With her icy beauty and elegant demeanor, Parker proved coolly seductive in her primary role among several on the show, Angelique, an 18th-century servant girl and witch who puts a curse on a wealthy shipping scion, Barnabas Collins (Jonathan Frid) after he spurns her for Scott’s character, Josette, turning him into a vampire and dooming the two to carry on a tempestuous cycle of passion and revenge as they time-hop through history.

Despite the pulpy premise, Parker brought a complexity to her role. “I played her as somebody who was much more of a tragic figure, who was desperately, desperately in love,” she said in a 2016 interview with Den of Geek, a pop culture website.

In doing so, Parker, whose character also dabbled in vampirism, and Frid helped expand the two-dimensional portrayals of vampires and witches seen in old Hollywood B-movies.

“When you’re invited into someone’s living room in a show that is essentially bodice-ripping horror, you have to make yourself palatable to the household, which in those days mostly meant housewives and children,” Scott said in a phone interview. “Lara and Jonathan did that by bringing a dimension of vulnerability, so you cared about the characters as people, not just evil forces. In that way, ‘Dark Shadows’ was really the granddaddy for all contemporary vampire films.”

As the show grew in popularity, Parker found herself continually recognized by loyal viewers on the streets — although not always in ways she expected. “I used to get on the subway platform when school let out at 3:15 in the afternoon,” Parker said during a television appearance in the early 1990s, “and instead of the fans coming up and asking for an autograph, they would run.”

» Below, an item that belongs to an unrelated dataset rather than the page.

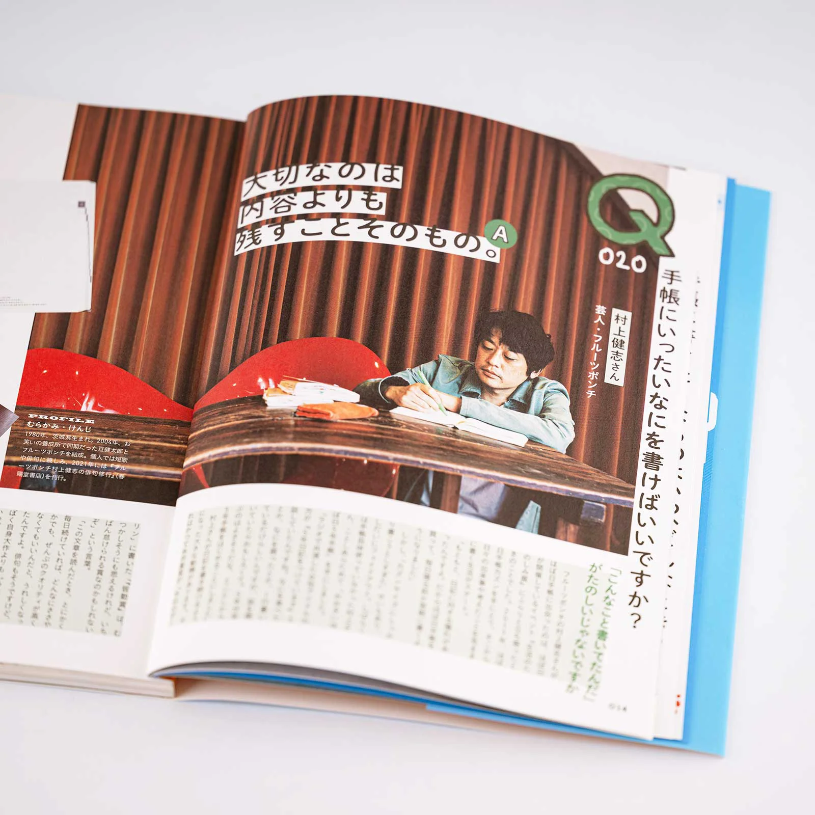 Model Kanoco finds time to go out and write in her techo as a means of treating herself now that she’s raising a child. One half of the comedy duo Fruit Punch, Kenji Murakami, started writing haiku in his techo. Nami Kishida, her younger brother Ryota, and her mother Hiromi reflect on what changed after the creation of the “365 Days” design. There’s also a staff of 90 people at a group home who kept an exchange diary, a couple who is almost done filling in a Hobonichi 5-Year Techo, and many other interviews that explore the wide variety of jobs that the techo is used for and ways that the techo is used.

Lara Parker was born Mary Lamar Rickey on Oct. 27, 1938, in Knoxville, Tennessee, to Albert and Anne (Heiskell) Rickey. Her lineage included Confederate Gen. James Longstreet and L.Q.C. Lamar, a Mississippi statesman who achieved a national profile as a member of Congress, senator and Supreme Court justice after the Civil War.

Parker, who went by the name Lamar, grew up in Memphis, Tennessee, where she attended Central High School, and eventually earned a scholarship to Vassar College, where she studied philosophy, before transferring to Southwestern (now Rhodes College) in Memphis.

She later studied speech and drama in a master’s program at the University of Iowa and had several lead roles at a repertory theater in Pennsylvania before moving to New York City. Within two weeks, she was in the cast of “Dark Shadows.”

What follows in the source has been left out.